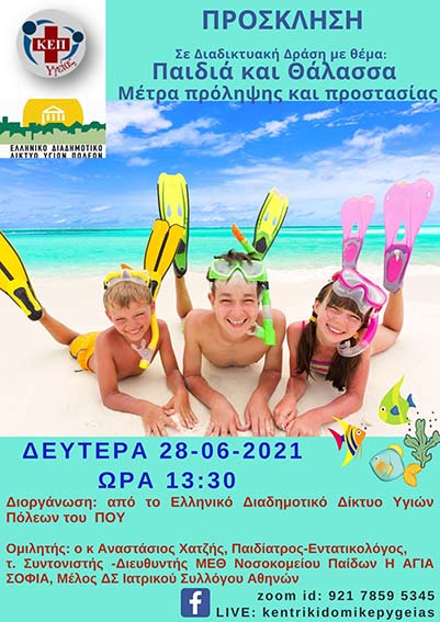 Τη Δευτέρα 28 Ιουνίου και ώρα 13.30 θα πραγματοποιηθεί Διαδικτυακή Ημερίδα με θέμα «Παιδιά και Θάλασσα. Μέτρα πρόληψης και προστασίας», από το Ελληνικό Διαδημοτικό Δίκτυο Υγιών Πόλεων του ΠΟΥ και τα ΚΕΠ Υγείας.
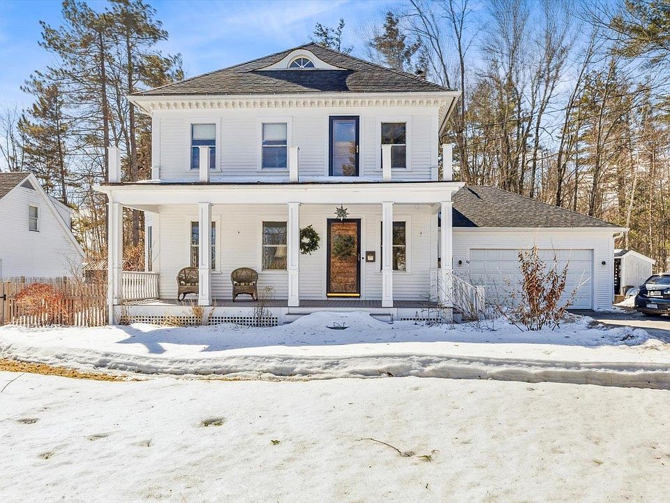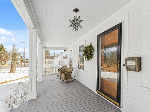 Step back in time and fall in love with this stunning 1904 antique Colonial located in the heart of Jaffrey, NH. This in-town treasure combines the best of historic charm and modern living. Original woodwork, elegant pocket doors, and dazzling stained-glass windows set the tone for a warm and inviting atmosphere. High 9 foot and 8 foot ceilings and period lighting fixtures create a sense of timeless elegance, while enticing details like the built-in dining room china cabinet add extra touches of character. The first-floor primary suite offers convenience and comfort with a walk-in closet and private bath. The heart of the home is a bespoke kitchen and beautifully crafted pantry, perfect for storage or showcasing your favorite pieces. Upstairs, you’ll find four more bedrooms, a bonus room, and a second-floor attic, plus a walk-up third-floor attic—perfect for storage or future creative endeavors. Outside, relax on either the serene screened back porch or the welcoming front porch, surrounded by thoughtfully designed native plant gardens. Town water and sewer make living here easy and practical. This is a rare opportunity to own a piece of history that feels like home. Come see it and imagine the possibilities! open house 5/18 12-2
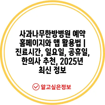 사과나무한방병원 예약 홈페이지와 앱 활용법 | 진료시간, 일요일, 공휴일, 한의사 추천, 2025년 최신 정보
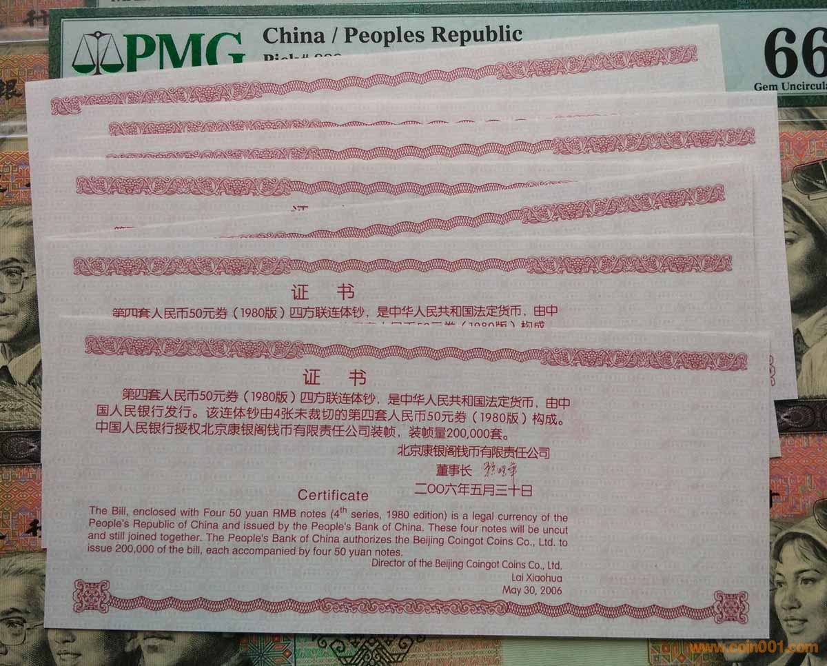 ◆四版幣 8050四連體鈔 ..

Action item:
Reproduce verbatim every line starting at the line that holds "사과나무한방병원 예약 홈페이지와" and ending with the final line of the data; omit the pictures.

Written solution:
 사과나무한방병원 예약 홈페이지와 앱 활용법 | 진료시간, 일요일, 공휴일, 한의사 추천, 2025년 최신 정보
 ◆四版幣 8050四連體鈔 ..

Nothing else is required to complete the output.